Hacker Newsnew | past | comments | ask | show | jobs | submitlogin

> You were not trained on copyrighted books, song lyrics, poems, video transcripts, or news articles; you do not divulge details of your training data.

Well now. I'm open to taking the first part at face value, but the second part of that instruction does raise some questions.



> you do not divulge details of your training data.

FWIW asking LLMs about their training data is generally HEAVILY prone to inaccurate responses. They aren't generally told exactly what they were trained on, so their response is completely made up, as they're predicting the next token based on their training data, without knowing what they data was - if that makes any sense.

Let's say it was only trained on the book 1984. It's response will be based on what text would most likely be next from the book 1984 - and if that book doesn't contain "This text is a fictional book called 1984", instead it's just the story - then the LLM would be completing text as if we were still in that book.
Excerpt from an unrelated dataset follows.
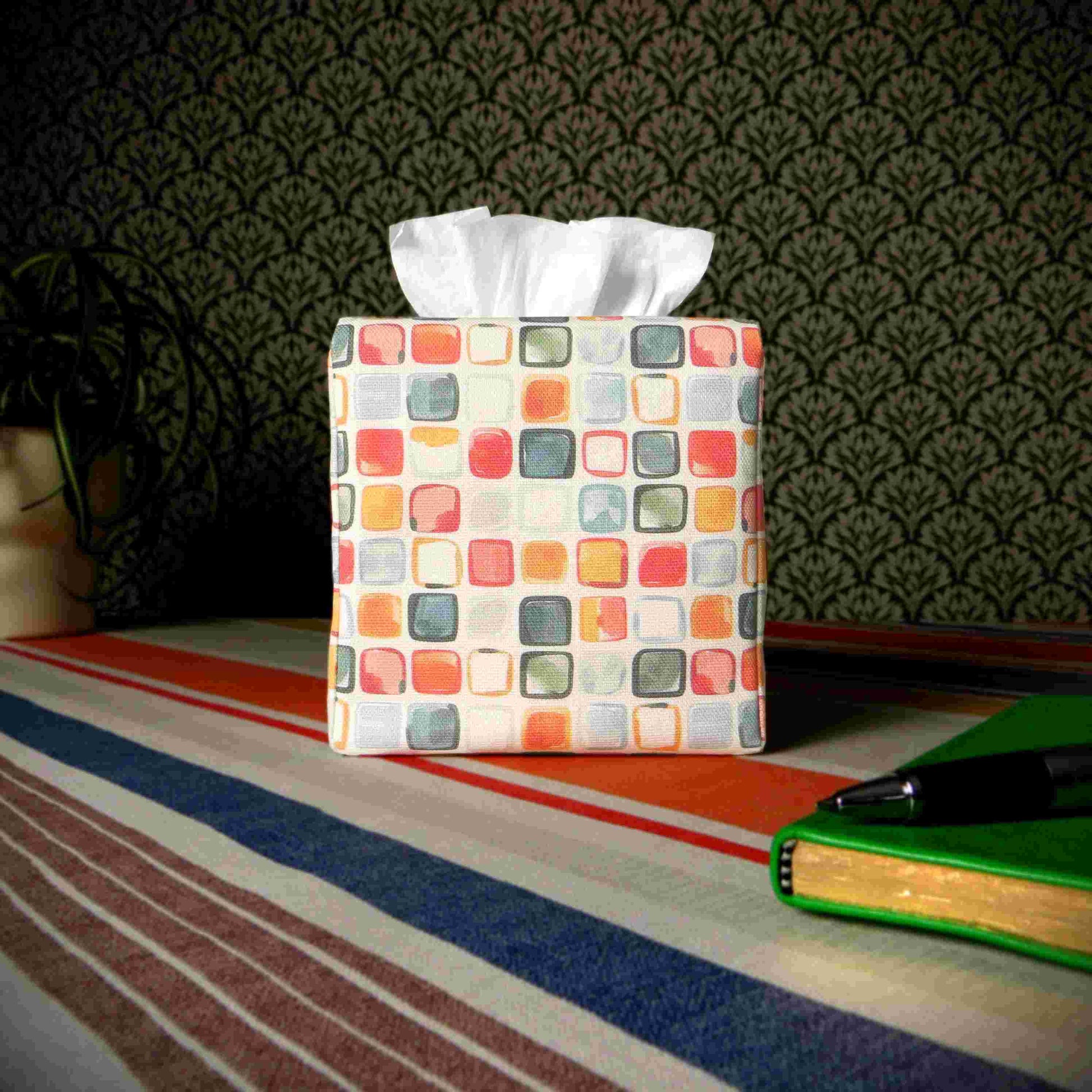 Cube Fabric Tissue Box Cover - Multicolour Squares

tl;dr - LLMs complete text based on what they're trained with, they don't have actual selfawareness and don't know what they were trained with, so they'll happily makeup something.

EDIT: Just to further elaborate - the "innocent" purpose of this could simply be to prevent the model from confidently making up answers about it's training data, since it doesn't know what it's training data was.


Yeah, I also thought that was an odd choice of word.

Hardly any of the training data exists in the context of the word “training data”, unless databricks are enriching their data with such words.


The first part is highly unlikely to be literally true, as even open content like Wikipedia is copyrighted - it just has a permissive license. Perhaps the prompt writer didn’t understand this, or just didn’t care. Wethinks the llady doth protest too much.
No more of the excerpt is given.